Следующий скетч назывался "Критический свисток". Стоит этакая важная номенклатурная персона, а на трибуне критик поносит разных писателей. Он кроет последними словами Толстого, Достоевского, Чехова. За Чеховым он произносит вдруг: "Кочетов". Номенклатурная персона немедля свистит в тревожный милицейский свисток. Де, прекратить безобразие! Кочетова ругать нельзя.
Критик снова начинает свои рулады. Теперь он называет фальшивкой "Слово о полку Игореве", поносит весь XVII век, но как только доходит до Кочетова, снова -- тр-р-р...
Кочетовская "каста неприкасаемых", естественно, от критики не распалась. И позднее ЦК выгораживал ее с той же милицейской крутизной.
Но то, что о существовании этой касты заговорили прямо, вызывало радость, больше, чем радость, -- чувство раскрепощения.
Существует старая народно-хороводная песня -- исполнители двумя шеренгами идут навстречу друг другу, приговаривая: "А мы просо сеяли, сеяли". Вторая шеренга: "А мы просо вытопчем, вытопчем". И тут, на сцене Центрального клуба литераторов, навстречу друг другу двинулись две шеренги. Писательская, плохо выровненная, которая восклицала: "А мы прозу сеяли, сеяли". И молодцеватая -- критиков, идущая строевым шагом: "А мы прозу вытопчем, вытопчем..."

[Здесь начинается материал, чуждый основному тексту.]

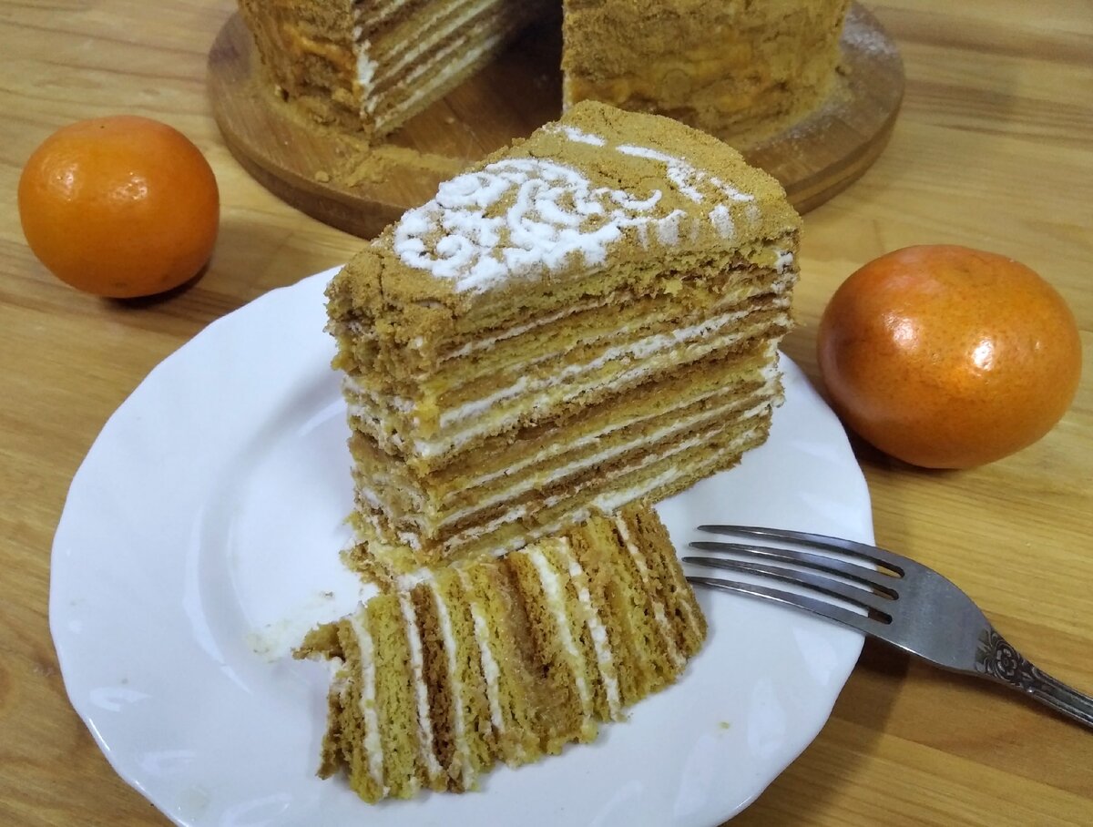 Очень вкусный, нежный, медово-мандариновый торт. Очень рекомендую. И пусть будет праздник!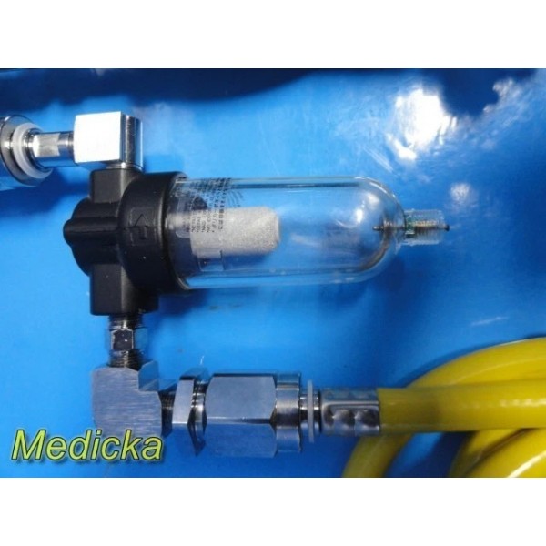 BIO-MED Devices High/Low Flow Air-Oxygen Blender Ref 2001 with conductive air & oxygen hoses, auxiliary Porter outlet, oxygen Y-coupler (P/N 2153), and inline moisture dryer. Untested.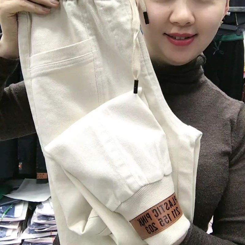2023秋冬新款韩版加绒牛仔裤女米色高腰宽松休闲萝卜裤束脚哈伦裤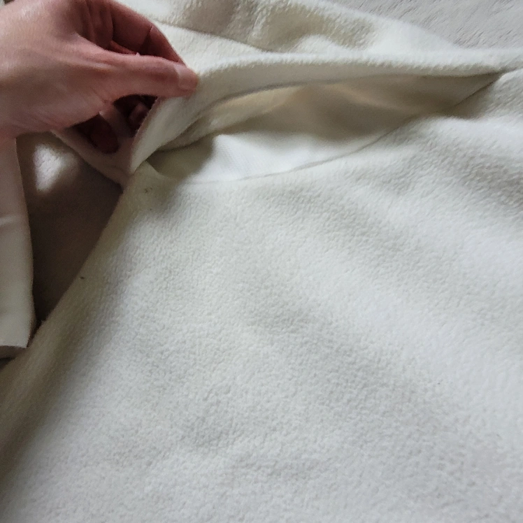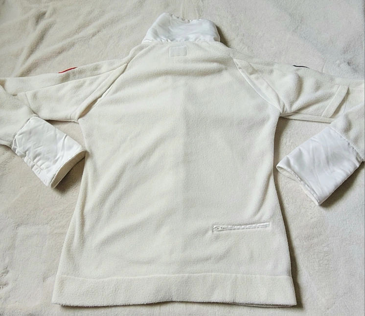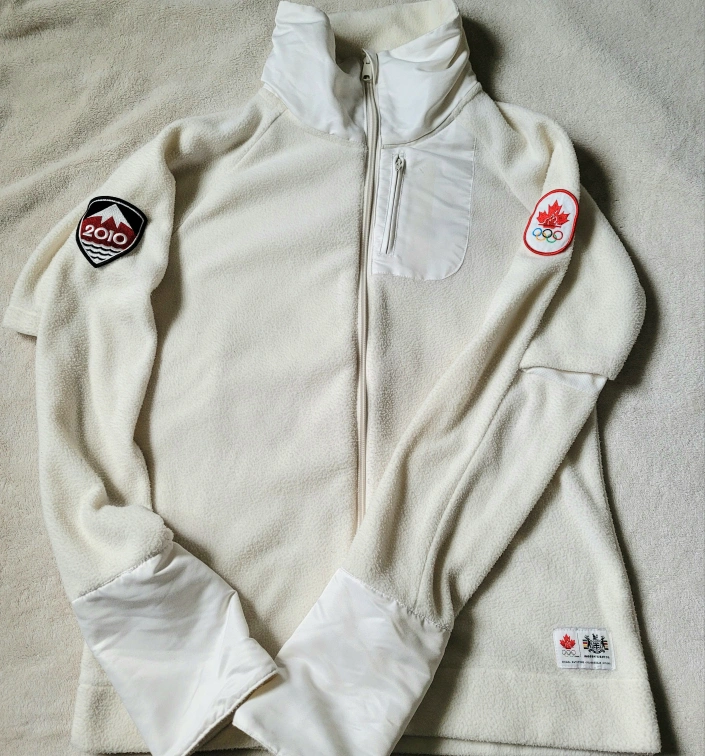 Ivory fleece jacket. Features a collar, long sleeves, and front zipper. Olympic patch on the sleeves and zipper pocket at the back. ♡No Holds ♡First Come First Serve ♡Serious Buyers Only Please.

Да, то было время надежд и радости. Пугливой радости. И только, пожалуй, одна горькая нота омрачила те дни. Смерть критика Марка Щеглова.
Больной костным туберкулезом, на костылях, поразительной силы и воли человек, он стал бы, очевидно, самым значительным критиком современной России. Он погиб, в общем, оттого, что о нем не заботились. Властям он был не нужен, даже опасен. Кто этого не понимал, тому Алексей Сурков разъяснил обстоятельно...
Щеглова не имели права выпускать из-под врачебного контроля. Никогда. Однако именно ему, обруганному, "ненужному", не досталось путевки в Дом творчества писателей, и он был вынужден поехать отдыхать на юг, как говаривают в России, "дикарем", неорганизованным туристом. И там, вдали от врачей, заболев менингитом, умер...
Негодяи вздохнули с облегчением: Марк Щеглов не щадил авторитеты.
Я надеюсь, что статья Марка Щеглова о "Русском лесе" Леонова и другие его статьи будут изданы на Западе.
Если Аркадий Белинков, брошенный в тюрьму еще студентом, был в те годы гордостью советского литературоведения (его книгу о Тынянове выдвигали даже на Ленинскую премию), то Марк Щеглов был гордостью и надеждой современной литературной критики...
Оттого, наверное, что думали -- наступило жгущее время правды, боль, которую вызвала смерть Щеглова, жива во мне до сих пор, хотя мы не были с ним близкими друзьями.